А как озарила розовая рубашка веснушчатые, упругие щеки мальчика справа от возницы! Зато холодный отблеск снега подсинил руку и лицо мальчика, повисшего на заборе, слева.
А сколько воздуха! Все насыщено им. И между лицом седобородого боярина и древком стрелецкого бердыша живая воздушная прослойка — пространство!
Каждый цвет был решен, каждая тень, каждый узор выигрывали от свежести зимнего воздуха. Складка на белом кашемировом платке, шитом цветами, лежала на плече Урусовой широко и свободно. И здесь мастерство суриковской кисти было близко непревзойденному мастерству художников итальянского Возрождения.
И снег, рыхлый снег, клубился, облепляя ноги уходящих людей и полозья. Вот опять рефлекс на снегу — розовый в колее, его дает деревянный полоз теплого коричневого тона.
Влажность от снега поднимается выше, туманит линию горизонта, застилает дымкой уходящие в перспективу лица, золотые купола церквей, и эта дымка насыщает воздухом всю картину.
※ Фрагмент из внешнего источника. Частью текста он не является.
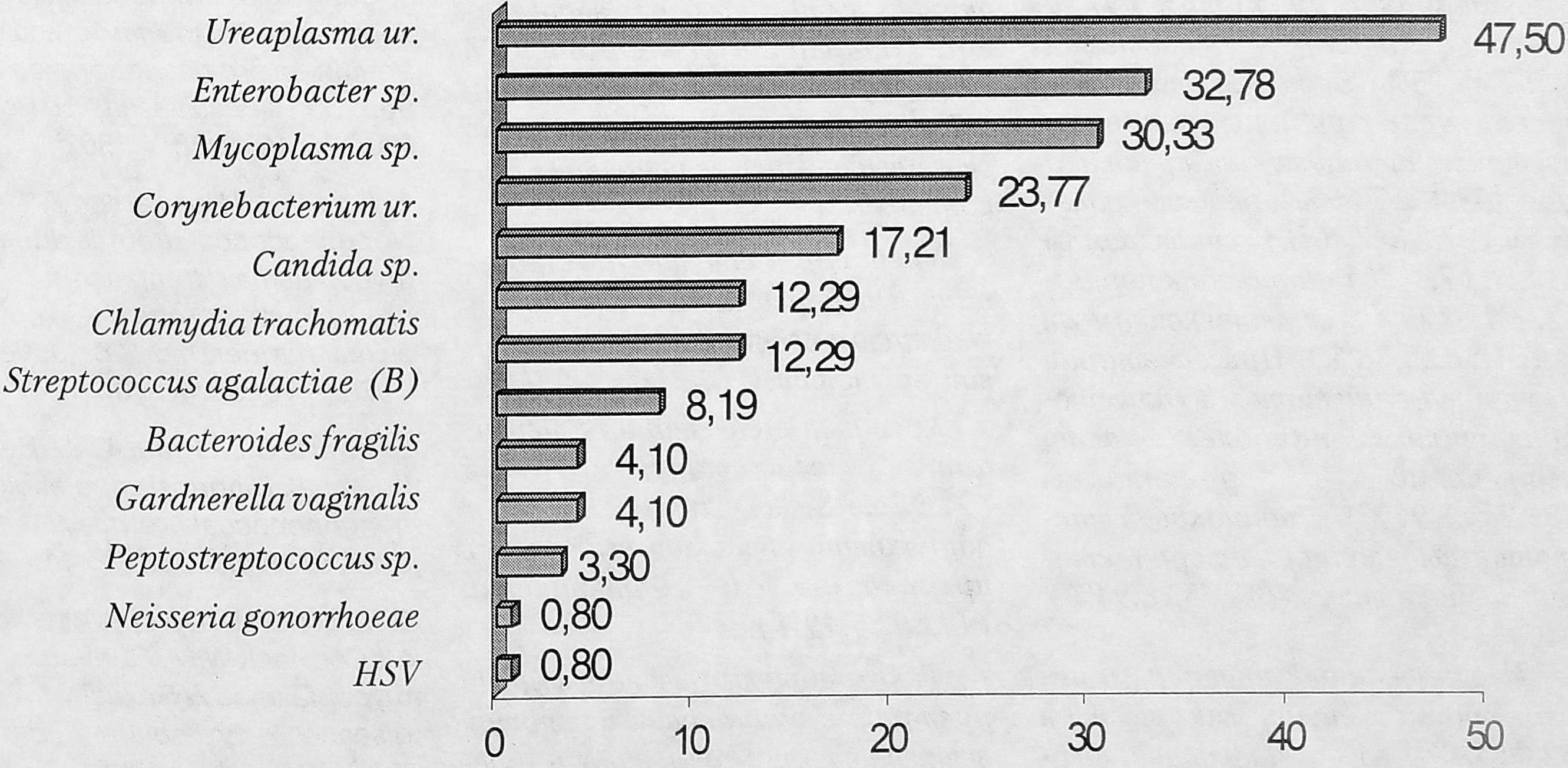 У беременных женщин сочетание уретрита с кольпитом имело место в 12 случаях (16,0+4,26%). При этих заболеваниях важная этиологическая роль принадлежит уреаплазмам (12,0+3,75%), микоплазмам (6,67±2,88%), энтеробактериям, стрептококкам гр. В и коринебактериям (5,33±2,59%). При уретрите в сочетании с эндоцервицитом преобладали уреаплазмы и энтеробактерии (12,0+3,75%), коринебактерии (37,50±12,50%) и М. hominis (6,67+2,88%).

Черная одежда боярыни проскользнула за скрепы розвальней, оттопырилась и волочится по снегу, как воронье крыло. Движение разведенных рук Морозовой подчеркнуто синеватым блеском цепи, судорожно стиснутые ноги вытянулись под черным бархатом на соломенной подстилке. Все зрело обдуманное, выношенное, объединилось в картине и подчинилось единому замыслу. И не было только одного — лица боярыни. Вместо него оставался стертый мастихином, незакрашенный холст.
Особенно пугало это Елизавету Августовну. Каждый раз она заглядывала в мастерскую в надежде увидеть лицо раскольницы.
— Вася, — говорила она, чуть не плача от беспокойства, — ну скажи ты мне ради бога, до каких же пор так будет? Ведь вчера ты нашел такое хорошее лицо! Ну почему ты стер его?
— Не то, Лиля, не то! Эта опять в толпе затерялась, толпа забивает. Понимаешь? Слабая она получилась, глядеть- то на такую толпа не станет. Надо еще искать… — Он поднял с пола этюд маслом, на котором была изображена голова женщины в черном платке. Худое бледное лицо с чуть приоткрытым ртом носило отпечаток растерянности. Этюд был превосходный, но это была не Морозова.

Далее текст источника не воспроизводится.